We’re checking with the city about this (we sent them what the Chamber said), and will update when we hear more.
3. Do other cities have a similar “head tax?”
Yep. Denver currently has one it calls an “Occupational Privilege Tax,” and it costs about $4 per employee every month. (Here’s the city’s FAQ on how it works). And other cities in Colorado, like Boulder, have considered one (though the one in Boulder ultimately did not happen). Chicago leaders repealed their city’s head tax in 2014 — but now they’re trying to bring it back. The mayor of Mountain View, California, which is home to Google, also proposed a head tax to build more affordable housing.
4. Seattle had a head tax until until 2009. Why was the original head tax repealed?
Our city first passed a head tax in 2006 to help pay for major transportation projects and maintain streets and sidewalks. But one council member says we got rid of it because it was too complex to implement.
“Under the old employee hours tax, all businesses were eligible to pay, but employers did not have to pay the tax for employees who commute by bus, carpool, bike or on foot,” said City Councilmember Lisa Herbold, who worked at City Hall at the time. “The complexity of administering this tax was one of the reasons given to support the repeal.”
5. How does the tax burden on Seattle businesses compare to the tax burden of businesses in other cities?
Puget Sound Business Journal reporter Ashley Stewart came up with a great comparison for this. A Seattle-based company employing at least 200 workers and earning at least $100 million would be taxed about $429,000 each year. In Bellevue, a similar company would pay about $190,000 annually; in Redmond, $22,400. Her full article is here (behind a paywall).
6. The city is hoping to use the tax money to help with housing and homeless services. What is the city’s plan for spending the money and how will it be allocated?
Here’s a breakdown of precisely how the city plans to spend the money it raises with the new head tax. The gist? About 61 percent will go toward building low-income housing; 34 percent will go toward emergency shelter and other needs for people experiencing homelessness in Seattle; and about 5 percent will go toward administrating the plan.
7. What oversight will be in place to make sure the city would spend this extra money right? How can Seattleites see what is being done with funds for housing and homelessness currently?
A lot of you asked a version of this question, and it’s a good one. We don’t have a very satisfying answer at the moment, but we can tell you about an audit that was recently done to check in on the impact of the city’s homelessness services. The verdict? Not great.

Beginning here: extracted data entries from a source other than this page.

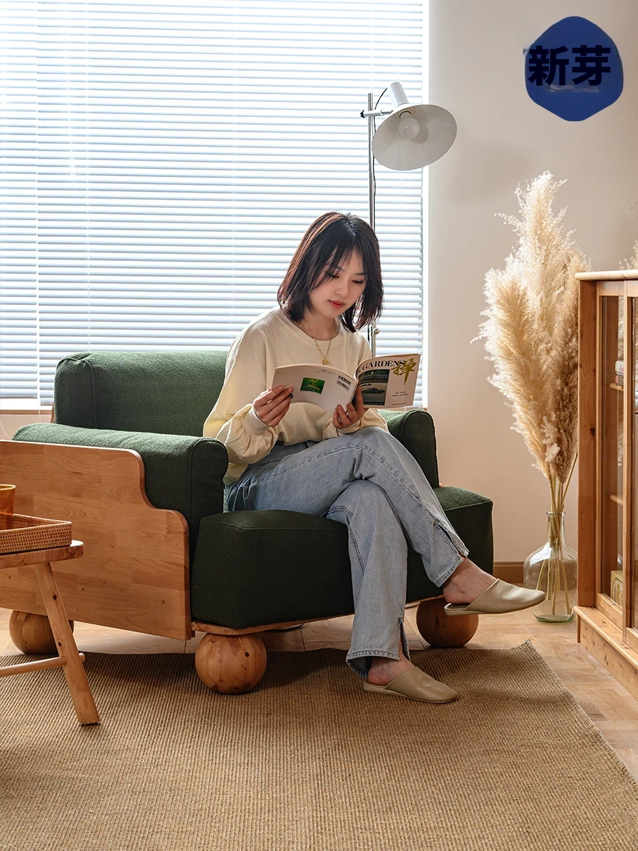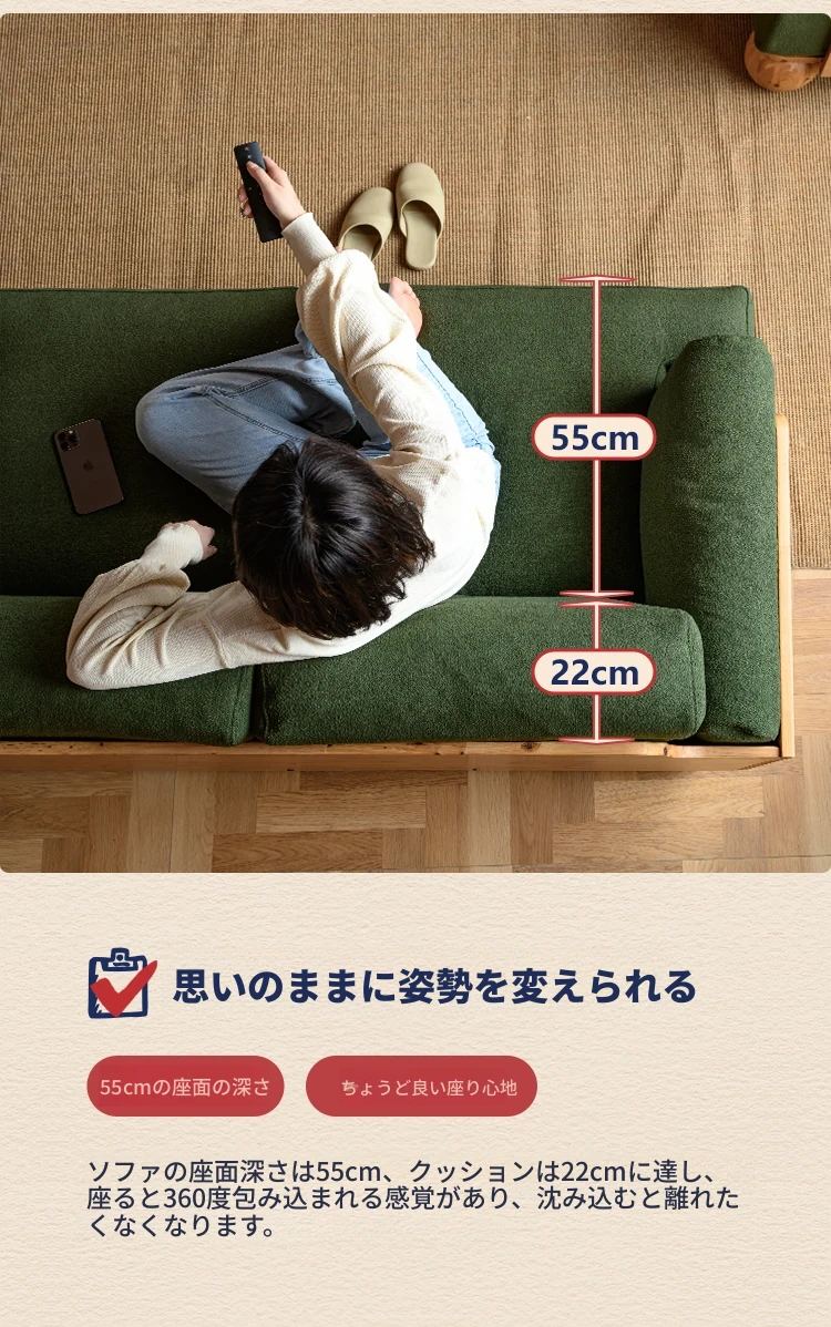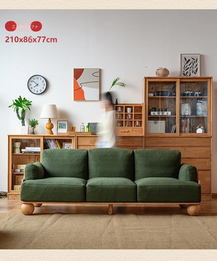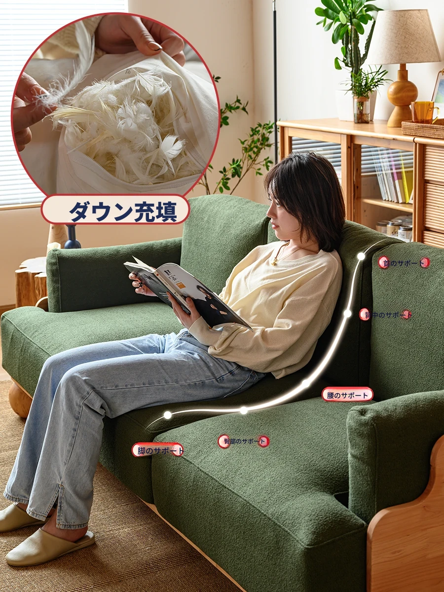 ◆天然木材使用!シンプルでモダンなデザインの実木ファブリックソファ。和風の豆腐ブロックスタイル、パイン材使用で北欧インスピレーション。小さなスペースにも最適なコンパクトサイズ!
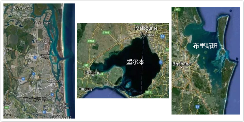 大家可以比较一下,黄金海岸的河的大小,还有包围的水面的大小,如何可以跟布里斯班相比?更加别说跟墨尔本相比了。因此黄金海岸注定整个城市规模,要比布里斯班小。
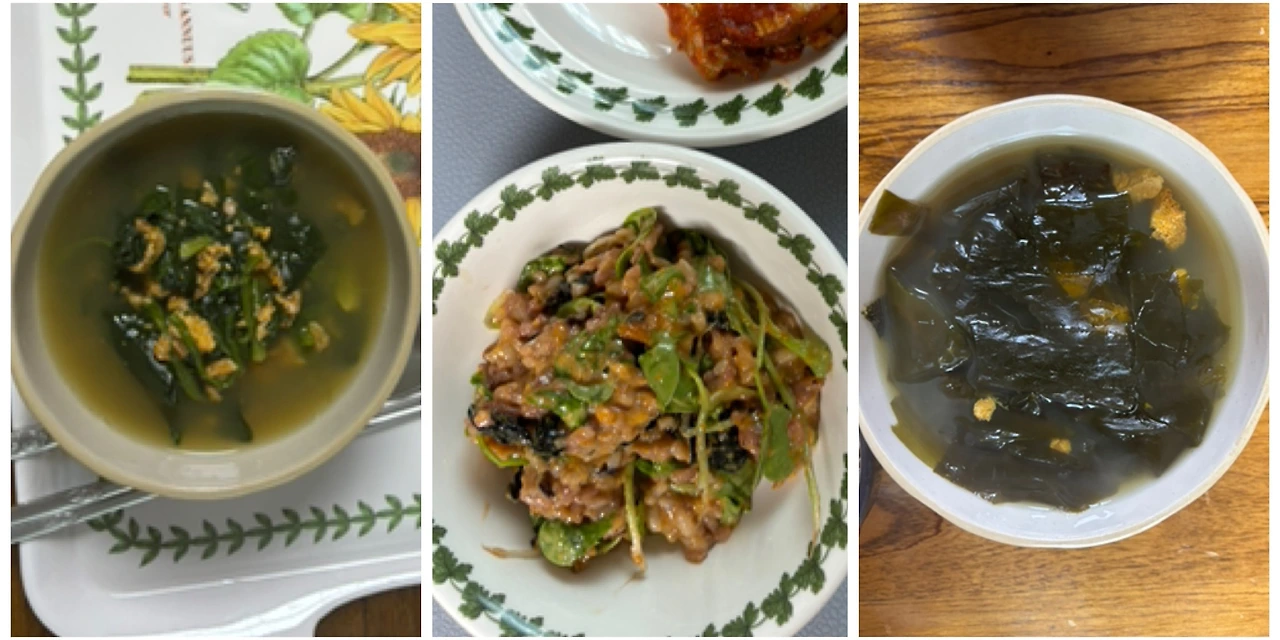 가장 왼쪽 사진은 해풍 맞은 시금치와 성게알을 넣어 만든 시금치 된장국이다. 금치는 비타민 A가 들어가 눈에 좋고 철분, 식이섬유가 풍부해 몸에도 좋은데 제주 시금치는 품질이 더 뛰어나다. 해풍 맞은 시금치가 뭐 그리 특별하냐고 생각할 수 있는데 남해지방에서 나는 시금치는 겨울 해풍을 맞으며 추운 기운에 살아남기 위해 체내의 전분을 당으로 변환시켜 단맛이 난다. 직접 먹어본 사람으로서 시금치를 원래 좋아하기도 하지만 '해풍 맞은 시금치'는 정말 더 맛있었다. 어머니는 시금치가 늦은 여름철까지 시금치를 먹기 위해 늦겨울이 되면 시금치를 얼려 저장해 놓으셨다. 이 해풍 맞은 시금치와 된장, 그리고 성게알을 듬뿍 넣으면 시금치 성게알 된장국이 된다.
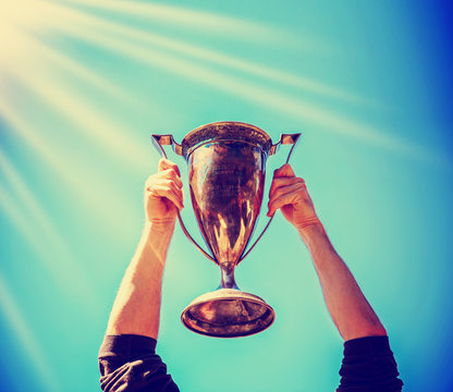 Three small figurines, two red and one blue, collaborate to hold up a large, golden star against a blurred background
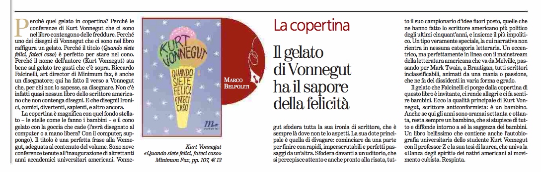 Riccardo Falcinelli sulla copertina del libro di Kurt Vonnegut: «E poi cioccolato e fragola sono un'accoppiata, giocosa e spregiudicata, che fa tanto Stati Uniti.»Leggi

“Having many large organizations working independently also reduces the ability of the region to respond collectively to community needs, and creates roadblocks to change,” the audit reads.
King County Executive Dow Constantine and Mayor Jenny Durkan recently said they’d find a way to make our region more responsive to the homelessness crisis. And after the vote on Monday, Mayor Durkan said she planned to create an oversight committee to monitor how the money is spent.
8. What taxes does Amazon pay?
Some background: Currently, in Washington State, income tax is illegal and we don’t have a capital gains tax, which is a fee on selling investments, including stocks and real estate.
In 2017, Amazon paid $250 million in state and local taxes, The Seattle Times reports.
9. Does this new bill have an end date?
The head tax will “sunset” and be up for a vote again in 2023.
Thanks to Missy Nyham, Sarah Schacht, James Ferguson, Richard Fuhr, Drew Biehle, Vlasil Mlekarov, Rick Gregory, Kelly Knickerbocker, Bo Zhang, John L. and many more of you (who preferred to remain anonymous!) for sending in such great questions.